You can decompose a larger division into several pieces, which are divided into fewer bits. As another poster has already been mentioned, the algorithm can be found in Knuth's TAOCP.

However, no need to buy a book!

The hackers delight website has code that implements the algorithm in C. It is written for 64-bit unsigned sections using only 32-bit arithmetic, so you cannot directly cut the code. To get from 64 to 128 bits, you need to expand all types, masks and constants by two, for example. short becomes int, a 0xffff becomes 0xffffffffll ect.

After this simple easy change, you can do 128-bit divisions.

The code is here: http://www.hackersdelight.org/HDcode/divlu.c (it can get much worse in the web browser due to the end of the line. Code and open it with notepad or so).

Since your largest values ​​only require 96 bits, one of the 64-bit divs will always return zero, so you can even simplify the code a bit.
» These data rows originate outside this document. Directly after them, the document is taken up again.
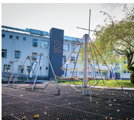
Dziedziniec Przystani Śmidowicza 49 jest otwarty dla mieszkańców
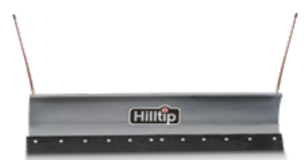
Cuchilla recta pala quitanieves para tractor
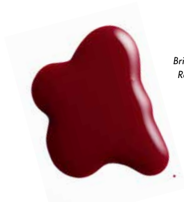
Brilliant Nail Red Allure

LIEBEVOLL GEPFLEGT UND SCHÖN BIS IN DIE FINGERSPITZEN.
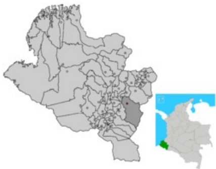
Imagen No 6. Ubicación San Juan de Pasto

La UNAD CEAD Pasto se encuentra ubicada en el Municipio de San Juan de Pasto es una ciudad de Colombia, capital del departamento de Nariño, además de ser la cabecera del municipio de Pasto. La ciudad ha sido centro administrativo, cultural y religioso de la región desde la época de la colonia.

Oh - and before I forget this: The code only works with unsigned values. To convert from signed to unsigned separation, you can do something like this (pseudo-code style):

 fixpoint Divide (fixpoint a, fixpoint b) { // check if the integers are of different sign: fixpoint sign_difference = a ^ b; // do unsigned division: fixpoint x = unsigned_divide (abs(a), abs(b)); // if the signs have been different: negate the result. if (sign_difference < 0) { x = -x; } return x; }

The site itself deserves attention: http://www.hackersdelight.org/

Hope this helps.

Btw is a good task you are working on. Do you mind telling us what you need for a fixed-point library?

Btw - The usual shift and subtraction algorithm for division will work.

If you are targeting x86, you can implement it using MMX or SSE. The algorithm relies only on primitive operations, so it can execute pretty quickly.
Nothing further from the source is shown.